While living alone, appellant's testimony indicated she was barely subsisting financially from month to month. Appellant was seeking subsidized housing for herself and the children.
Overall, the record indicates appellant has cyclical psychological and emotional problems, evidenced by at least two suicide attempts. At the permanent custody hearing, appellant did not face this problem directly. The record also does not show appellant is prepared to provide a stable home for the children within a "reasonable time." Since August 1994, the children have been almost continuously involved with HCDHS and BCCSB and need a permanent home. See R.C. 2151.414(D)(3) and (4). Accordingly, we find clear and convincing evidence to support the decision of the trial court to terminate appellant's parental rights and grant permanent custody of the children to BCCSB. The first assignment of error is overruled.
In the second assignment of error, appellant argues the trial court should have placed the children in long-term foster care instead of granting BCCSB's motion for permanent custody of the children. We initially note that long-term foster care was not requested by BCCSB. See R.C. 2151.415(C)(1). Even if the option of long-term foster care was presented, the trial court was entitled to conclude long-term foster care was not in the best interest of the children. Id. Finally, the trial court is not required to place a child in long-term foster care when "the vigorous statutory requirements for the termination of parental rights have been met." In re Twyla Johnson (June 22, 1998), Butler App. No. CA97-09-173, unreported, at 11. The second assignment of error is overruled.

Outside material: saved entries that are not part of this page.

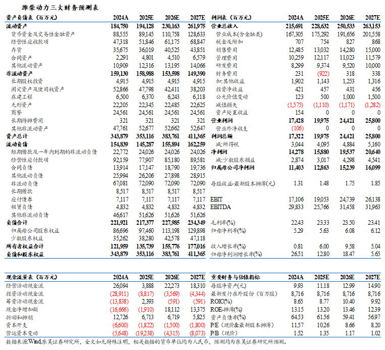 2025年重卡行业迎来复苏,公司作为发动机龙头强者恒强,我们基本维持2025~2027年归母净利润预测129/152/161亿元,2025~2027年对应 EPS分别为1.48 /1.75/1.85元,对应PE分别为10.26/8.66/8.20倍,考虑公司当前估值较低且龙头地位稳固,维持“买入”评级。
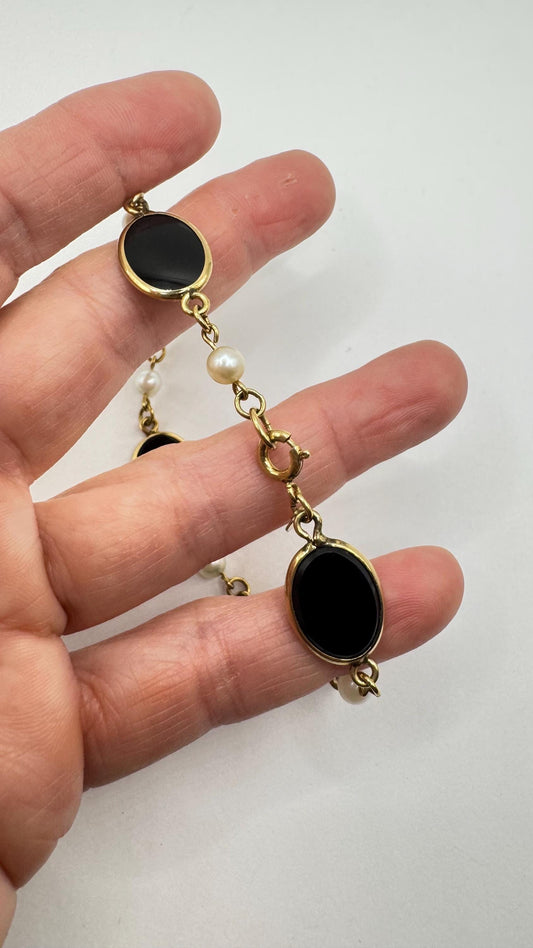 Vintage black Onyx White Pearl Bracelet Gold filled
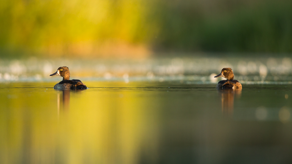 Terwijl de rechterhelft van de achtergrond zich in de schaduw bevond werd de linkerhelft mooi verlicht door de ondergaande zon. Precies op dat moment besloot een groepje jonge Kuifeenden voorlangs dit mooie moment langs te zwemmen wat resulteerde in deze foto.
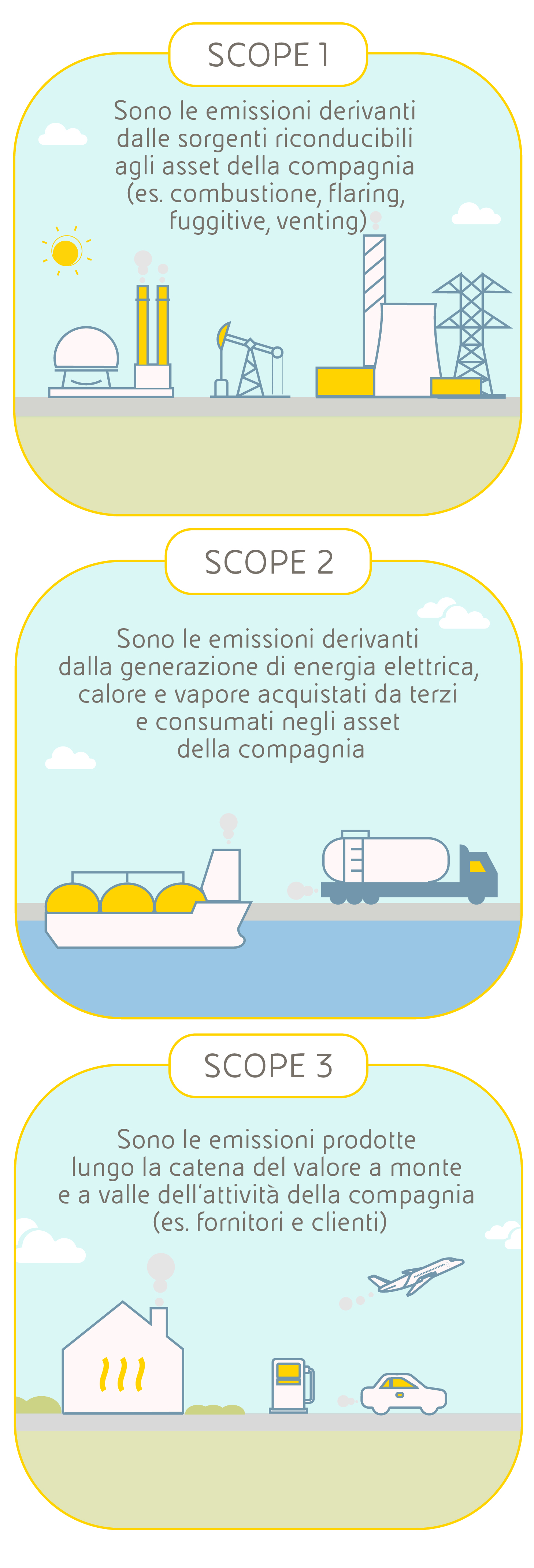 La prima riga principale si riferisce alle GHG Emissions e cioè alle emissioni di gas a effetto serra, questi KPI sono utilizzati nel Sustainability-Linked Financing Framework di Eni. Gli obiettivi includono solo la quota di CO₂ stoccata da Eni. Questa riga è composta da tre righe secondarie.
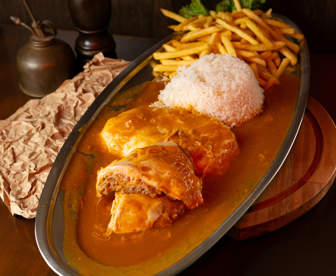 Filé Mignon à milanesa com presuto, mussarela, e molho de tomate especial da casa.
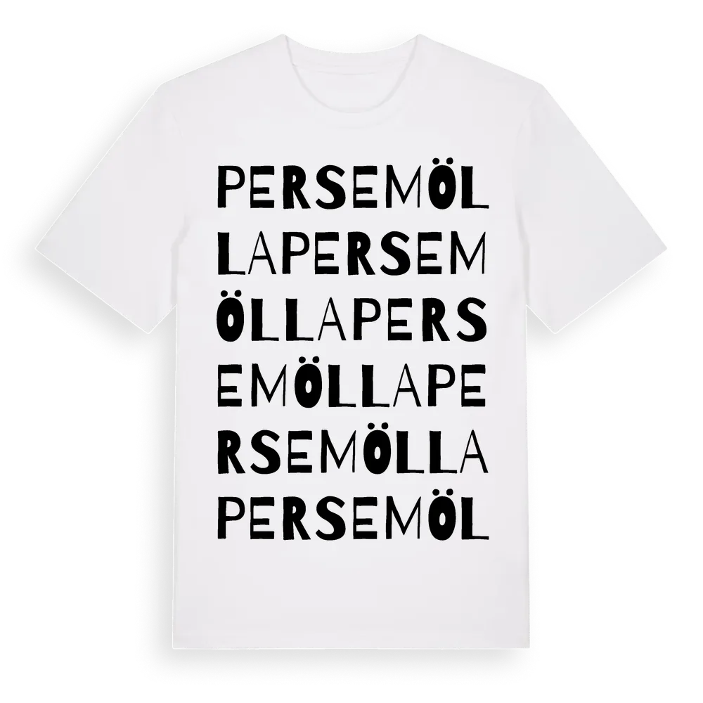 En ordlek byggd på Persemöllas namn. Subtilt och klurig – ett motiv som bara de som verkligen känner platsen fullt ut förstår. Premium bomull, unisex – från Persemölla i Skåne län.
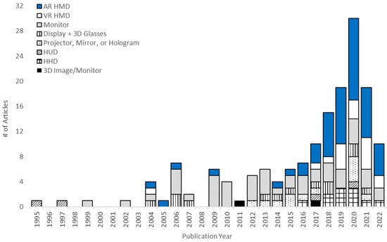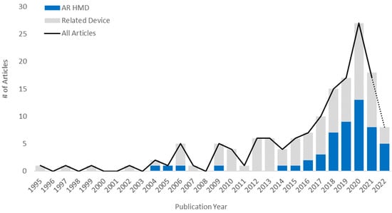 The 147 articles included for data synthesis were published from 1995 to September 2022 (Figure 2). Fifty-three articles described the use of an AR HMD, the first of which was published in 2004.
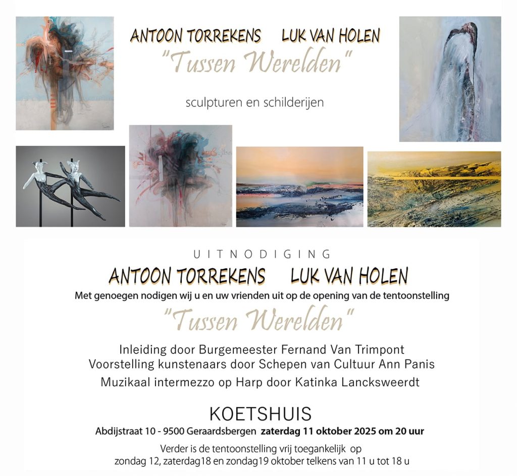9 september 2025Tussen Werelden tentoonstelling in het Koetshuis, Abdijstraat Geraardsbergen zo 12 oktober en za & zo 18,19 oktober telkens van 11…
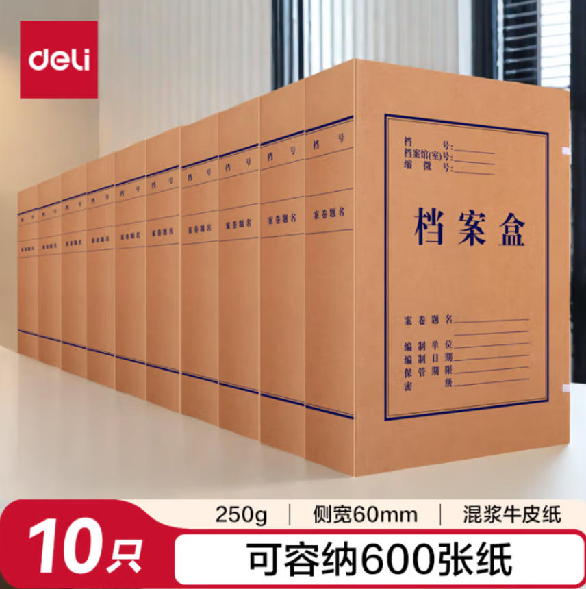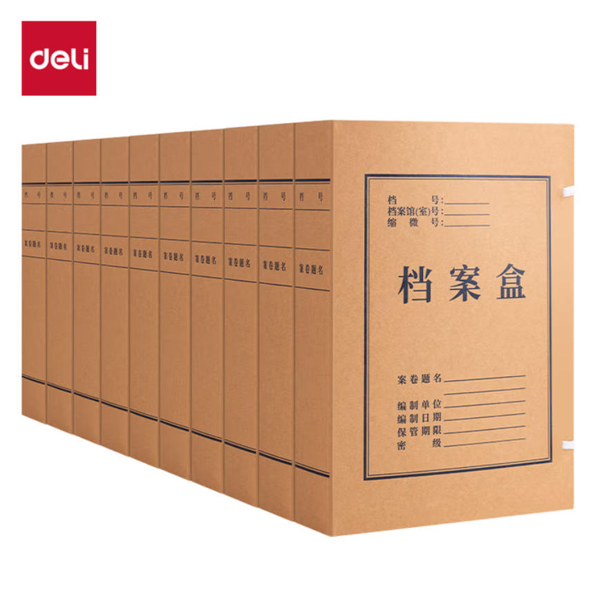 君航科技 得力(deli)10只60mm混浆250g牛皮纸文件盒档案盒加厚财会档案盒资料盒 考试收纳P05620
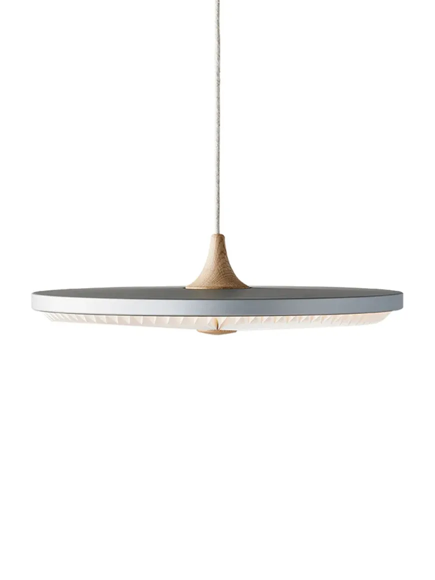 Soleil betyder sol på fransk, og lampen har samme fine egenskaber med en lysspredning som en strålende sol – der spreder lyset fra sit centrum. Le Klint Soleil pendlens slanke design gør den meget anvendelig til at hænge over spisebordet, i restauranten eller mødelokalet. Lampen er uden lysdæmper, men kan benyttes med Casambi lysdæmper, hvor man kan styre lysstyrken via en gratis app/bluetooth på sin mobiltelefon. Soleil kan ikke benyttes sammen med andre allerede installerede lysdæmper-funktioner i boligen. Mål: Diameter: Ø 50 cm. Højde: 6 cm. Farve: Silver Cloud Træsort: Lys eg Skærm: Standard (plast) Model: 198 Designet af: Philip Bro Ludvigsen
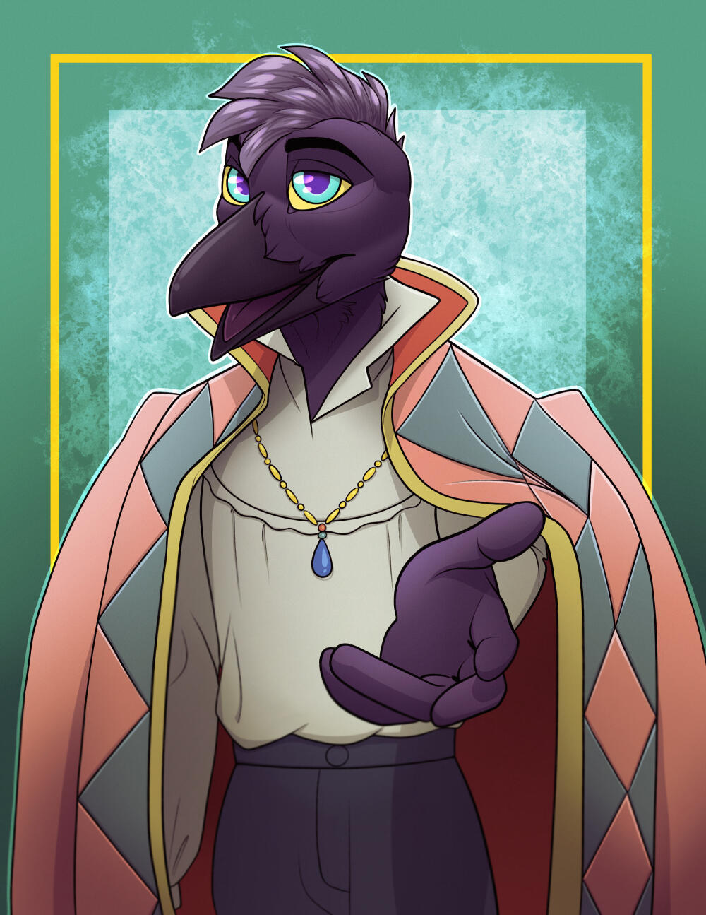 A square canvas including a lined, colored, and detail shaded bust (shoulders up) with simple background. Can be any furry species/gender/body type.A sketch WIP will be provided.
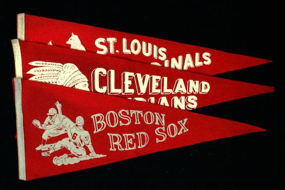 Description:Vintage Boston Red Sox, Cleveland Indians, and St. Louis Cardinals pennants, c.1940s-1950s. (EX-EX/MT) Incl. 27" red pennant featuring fielder and sliding baserunner at left, with "Boston Red Sox" in gray lettering across pennant (EX-EX/MT); 28" red pennant featuring Indian head logo at left, with "Cleveland Indians" in white block lettering across pennant (EX); and 27.5" red pennant featuring Cardinals logo at left, with "St.Louis Cardinals" in white block lettering across pennant (EX). Range: EX-EX/MT
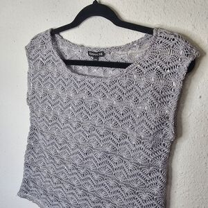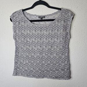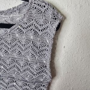 Express Crochet Vest Popover Womens XS Sleeveless Open Knit Sequin Sparkle Boxy
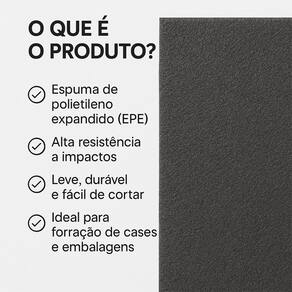Placa Ethafoam 1 Unidade EPE Espuma P/Case 60x50x4cm Grafite Descrição Se você precisa proteger objetos delicados no transporte ou na armazenagem, essa placa de espuma EPE polietileno expandido é a solução ideal Perfeita para forrar o interior de cases, maletas, embalagens técnicas, caixas organizadoras e muito mais. Como usar: Basta medir o interior do seu case ou maleta, cortar a espuma no tamanho desejado com estilete ou tesoura, e encaixar. Você pode também esculpir o formato exato do item que deseja proteger, garantindo um encaixe preciso e seguro. Dica: Use camadas de espuma para proteger equipamentos maiores ou mais frágeis, como instrumentos musicais, câmeras, drones, ferramentas e aparelhos eletrônicos. A densidade da espuma ajuda a absorver impactos e evitar danos. vantagens do produto: Alta resistência a impactos Leve, durável e fácil de manusear Pode ser moldada conforme a necessidade Células fechadas: não absorve umidade Cor grafite: visual discreto e profissional Seja para ou pessoal, essa placa de espuma é uma escolha inteligente para quem valoriza organização, segurança e acabamento de qualidade. Dimensões: Espessura: 4cm Largura: 50cm Comprimento: 60cm Contéudo: 1x Placa Ethafoam EPE Espuma Para Case 60x50x4cm Grafite Marca: Não Informado Ean: 7896918613189
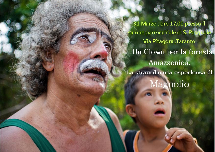 Paulo Roberto Sposito de Oliveira conosciuto come “Magnolio” è un clown che lavora in una delle più importanti organizzazioni non governative che operano in difesa della foresta Amazzonia e dei suoi popoli. L’Ong si chiama Saude e Alegriaed ha sede a Santarem nello stato federale del Parà, nel cuore dell’Amazzonia. Era un avvocato di San Paolo che ha deciso in una fase della sua vita di abbandonare la sua attività professionale per diventare un educatore nelle favelas di San Paolo. Dopo alcuni anni si trasferisce in Amazzonia e inizia la sua battaglia in difesa della foresta amazzonica e dei popoli indigeni. Con il suo circo gira la foresta insegnando alle popolazioni le buone pratiche per non contrarre malattie,coltivare e vendere prodotti della foresta senza distruggerla .

In the third assignment of error, appellant argues BCCSB failed to make reasonable efforts to implement a reunification plan. We find that the marital and individual counseling, the DLS program, supervised visitation, and other assistance provided by BCCSB constitute a reasonable effort to assist appellant in achieving the original case plan goal of reunification. See In re Lacy (July 18, 1994), Butler App. No. CA93-06-101, unreported, at 10. The third assignment of error is overruled.
Appellant's fourth assignment of error argues that the decision of the trial court was against the manifest weight of the evidence. A judgment will not be reversed on appeal for being against the manifest weight of the evidence if the judgment is supported by credible evidence. In re Noe (July 21, 1997), Butler App. Nos. CA96-10-217 and CA96-11-224, unreported, at 14-15. For the reasons detailed in the previous assignments of error, we find substantial and credible evidence supported the trial court's decision to terminate appellant's parental rights and grant permanent custody of the children to BCCSB. The fourth assignment of error is overruled.
Judgment affirmed.
YOUNG, P.J., and POWELL, J., concur.
1 The children are Jeremy Bill Lintner, born 1/28/90 and Jessica Proffitt, born 2/17/93. Jeremy's natural father is deceased.
2 Steve Proffitt's parental rights regarding the children were also terminated by the trial court.
3 R.C. 2151.419(B) provides in relevant part that "[t]he court shall issue written finding of facts setting forth its determination * * *. In its written finding of facts, the court shall briefly describe the relevant services provided by the agency to the family of the child and why those services did not * * * enable the child to return home."
4 When William S. was decided, R.C. 2151.414(E) included eight specific factors. R.C. 2151.414(E) was subsequently revised to include twelve factors. Factor twelve is "[any] other factor the court considers relevant." R.C. 2151.414(E)(12). Consequently, the importance of the holding in William S. has been greatly diminished.